[Records from a dataset]

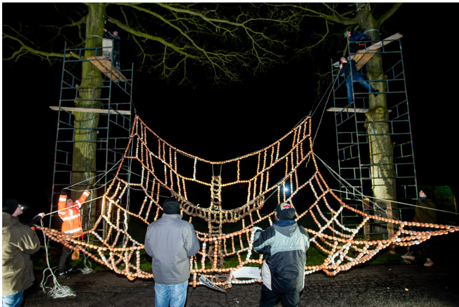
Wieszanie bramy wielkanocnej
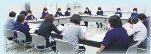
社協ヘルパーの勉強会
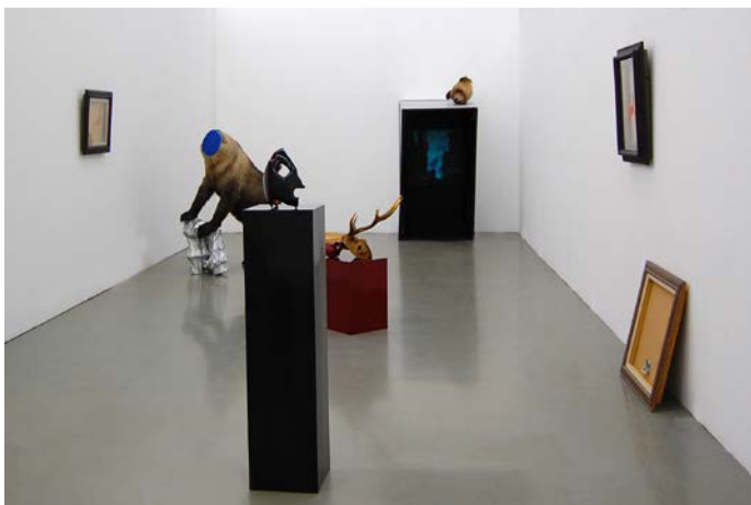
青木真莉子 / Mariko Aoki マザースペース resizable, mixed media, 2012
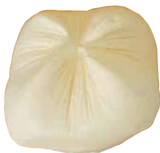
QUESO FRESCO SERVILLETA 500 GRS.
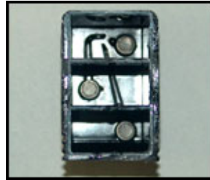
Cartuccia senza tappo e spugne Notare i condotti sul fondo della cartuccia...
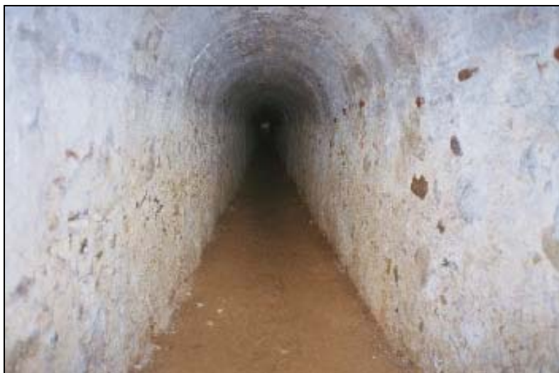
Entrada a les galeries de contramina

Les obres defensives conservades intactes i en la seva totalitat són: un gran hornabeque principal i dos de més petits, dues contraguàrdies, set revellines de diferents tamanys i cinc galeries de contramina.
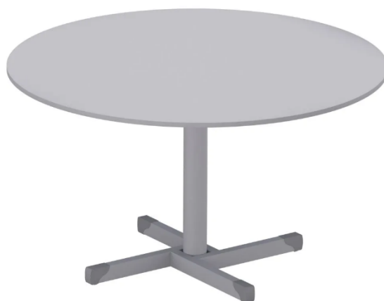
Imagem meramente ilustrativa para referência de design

---

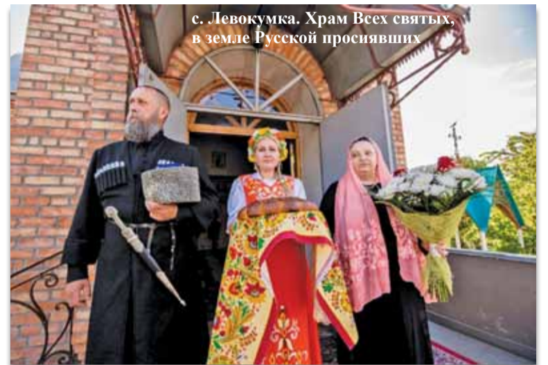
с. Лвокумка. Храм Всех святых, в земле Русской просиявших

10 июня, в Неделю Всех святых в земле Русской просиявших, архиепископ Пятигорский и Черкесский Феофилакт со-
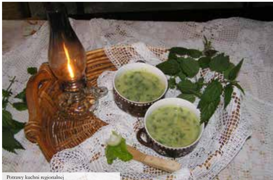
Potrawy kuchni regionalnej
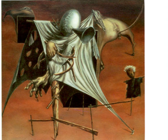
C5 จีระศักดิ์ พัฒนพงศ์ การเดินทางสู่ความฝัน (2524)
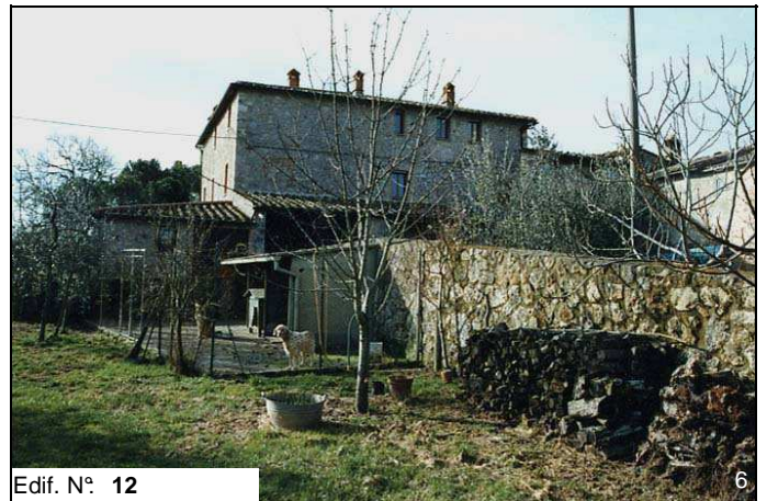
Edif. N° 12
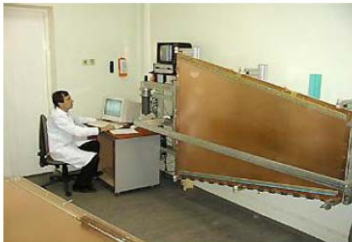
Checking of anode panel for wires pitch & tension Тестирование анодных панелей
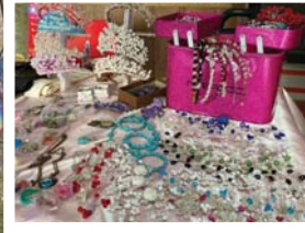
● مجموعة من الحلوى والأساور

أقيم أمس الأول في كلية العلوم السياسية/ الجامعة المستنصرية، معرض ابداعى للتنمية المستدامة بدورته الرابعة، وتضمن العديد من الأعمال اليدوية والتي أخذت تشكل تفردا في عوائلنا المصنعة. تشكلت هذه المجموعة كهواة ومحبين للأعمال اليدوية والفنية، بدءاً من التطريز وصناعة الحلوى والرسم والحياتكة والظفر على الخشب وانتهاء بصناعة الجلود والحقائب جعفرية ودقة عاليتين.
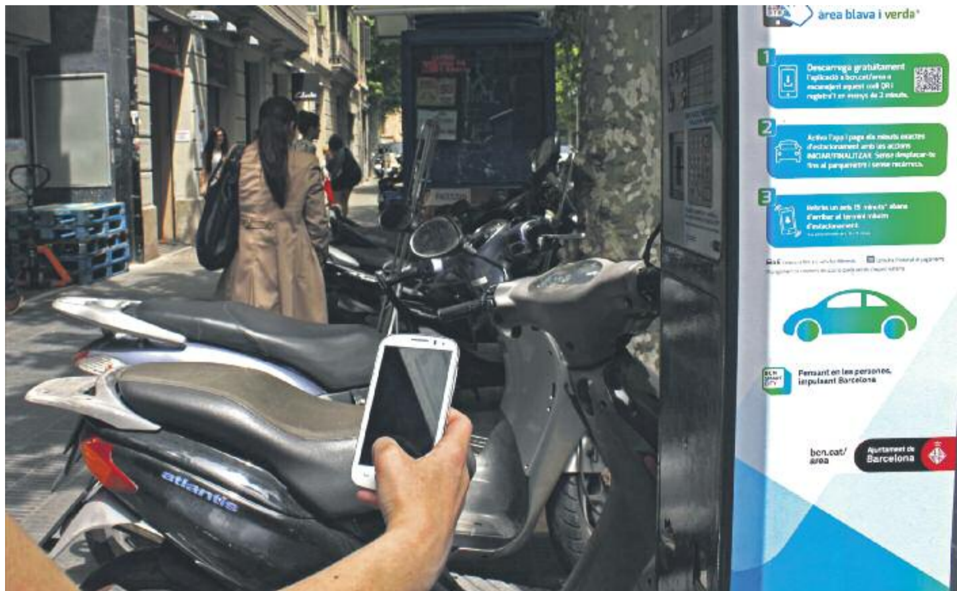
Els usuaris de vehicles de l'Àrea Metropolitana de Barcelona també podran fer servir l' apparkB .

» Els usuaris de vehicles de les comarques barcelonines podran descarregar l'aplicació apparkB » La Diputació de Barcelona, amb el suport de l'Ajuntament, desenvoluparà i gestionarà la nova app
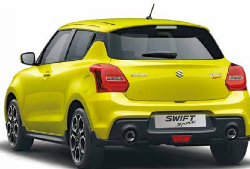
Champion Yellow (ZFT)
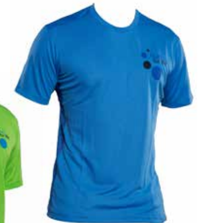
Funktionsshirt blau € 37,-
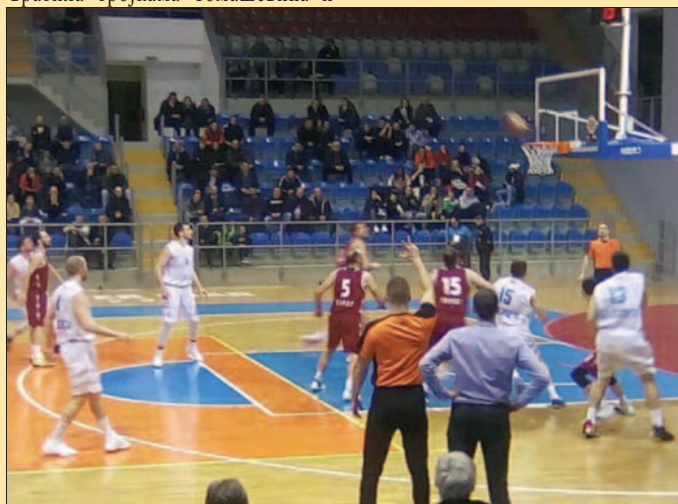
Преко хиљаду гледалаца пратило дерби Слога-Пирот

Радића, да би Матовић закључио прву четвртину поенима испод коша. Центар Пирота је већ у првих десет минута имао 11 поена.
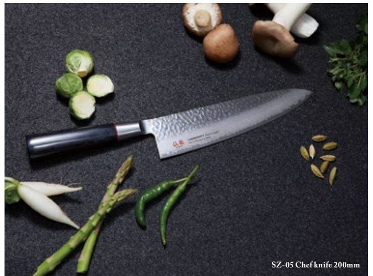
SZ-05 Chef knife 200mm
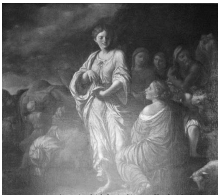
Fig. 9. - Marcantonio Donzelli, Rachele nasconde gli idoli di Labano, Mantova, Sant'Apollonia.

_EXERCISE_: Above are records with pictures. Reproduce exactly only the lines from the line with "Els usuaris de vehicles de l'Àrea" through the line with "SZ-05 Chef knife 200mm", both ends included, and leave the pictures out.

_ANSWER AREA_:
Els usuaris de vehicles de l'Àrea Metropolitana de Barcelona també podran fer servir l' apparkB .

» Els usuaris de vehicles de les comarques barcelonines podran descarregar l'aplicació apparkB » La Diputació de Barcelona, amb el suport de l'Ajuntament, desenvoluparà i gestionarà la nova app
Champion Yellow (ZFT)
Funktionsshirt blau € 37,-
Преко хиљаду гледалаца пратило дерби Слога-Пирот

Радића, да би Матовић закључио прву четвртину поенима испод коша. Центар Пирота је већ у првих десет минута имао 11 поена.
SZ-05 Chef knife 200mm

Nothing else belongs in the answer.